# Need some advice.



## jnewing (Oct 8, 2012)

Hey all, so I'm in need of a little advice. 

I used to be really into bows as a child/teenager growing up outdoors all the time. When I was young my father first gave me a practice bow and then later on he handed me down his longbow that I still use today. I do a lot of recreational archery as well as limited hunting. 

Recently I decided I would like to invest and get myself a good compound bow I live in a very remote area and there are NO shops that sell bows even close to me (nearest is 5 hours drive) so I'm going to have to order and have it shipped and I'm looking for advice on a few things, 

a) single cam or twin cam? what are the advantages/disadvantages of each
b) price is not really an issue for me but are some brands better than others?
c) I also noticed on a lot of sites when looking at the bow specs they say "hand" are they referring to my draw hand? or the hand i grip the bow with?
d) Any other advice / tips / do & don'ts?

I should also add, does anyone have any choices for a good compound bow package? Links?
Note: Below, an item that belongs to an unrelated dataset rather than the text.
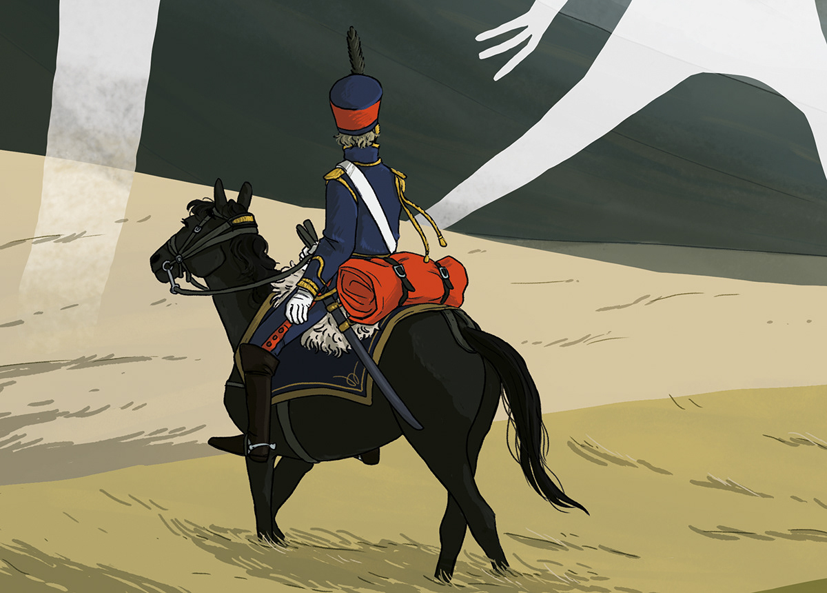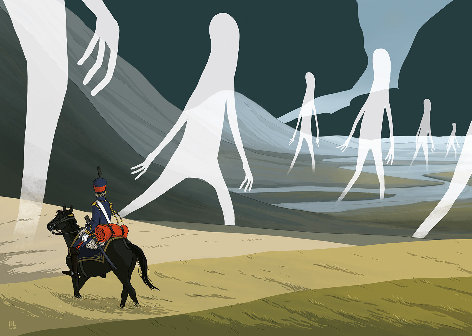 Kuvitus husaarista, joka kohtaa partiollaan joukon vaeltavia henkiolentoja. Kuvituksella halusin harjoitella tarinankerrontaa ja kompositiota.
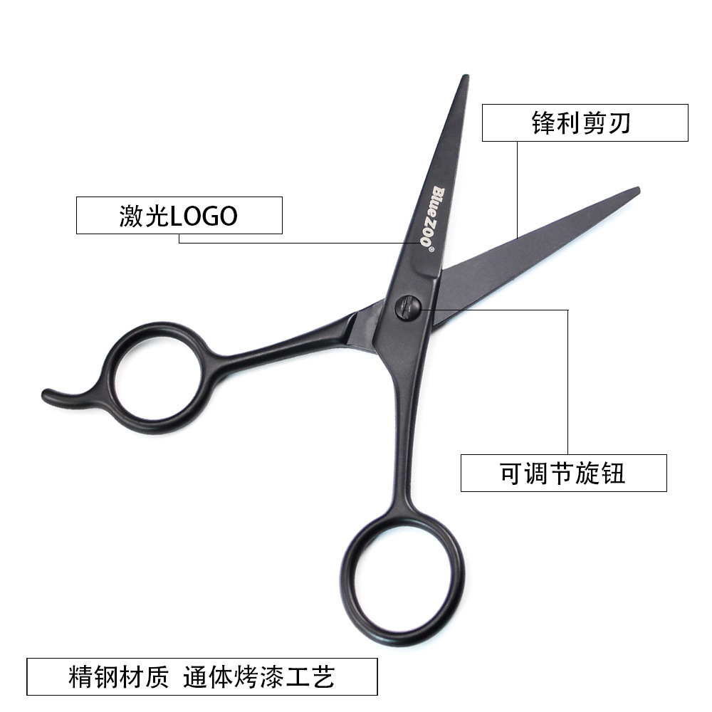 BlueZOO美容工具胡须鼻毛剪理发修眉胡子剪刀修甲死皮剪 黑12.2CM

Thanks in advance for any advice and tips.


----------



## WhitBri (Jan 30, 2007)

To answer you questions. Single or dual cam or hybrid cam is all preference each have their own feel and characteristics. I would for sure only look at bows with adjustable draw lengths meaning you can change the draw length without having to buy anything. Example Mathews single cams have draw specific cams by 1/2". New cam would cost 75 or used for around 40. Can really add up if you make a mistake and buy the wrong dl. No brand is really any better then the next no matter what you read on here. Each brand is different but not necessarily better. The hand is referring to the hand you draw with or hand on the string. Hope this helps. 


Sent from my iPhone using Tapatalk


----------



## jnewing (Oct 8, 2012)

This is a huge help thank you. Now just to find a good place to buy a bow online and pref. in Canada.


----------



## WhitBri (Jan 30, 2007)

Buying online is tough as most of the better companies want you to buy from a pro shop only. Can always look at used or for the companies that sell online pse is probably the best


Sent from my iPhone using Tapatalk


----------



## subconsciously (Aug 22, 2009)

One of the best places to buy a now online is the AT Classifieds.


----------



## jnewing (Oct 8, 2012)

Thanks for all the help etc... I ended up finding a great place in Ontario called The Archers Nook, talked with the staff there they were super helpful and a wealth of information. Ended up getting everything I need from them, I would highly recommend them to anyone, they are located in London, Ontario.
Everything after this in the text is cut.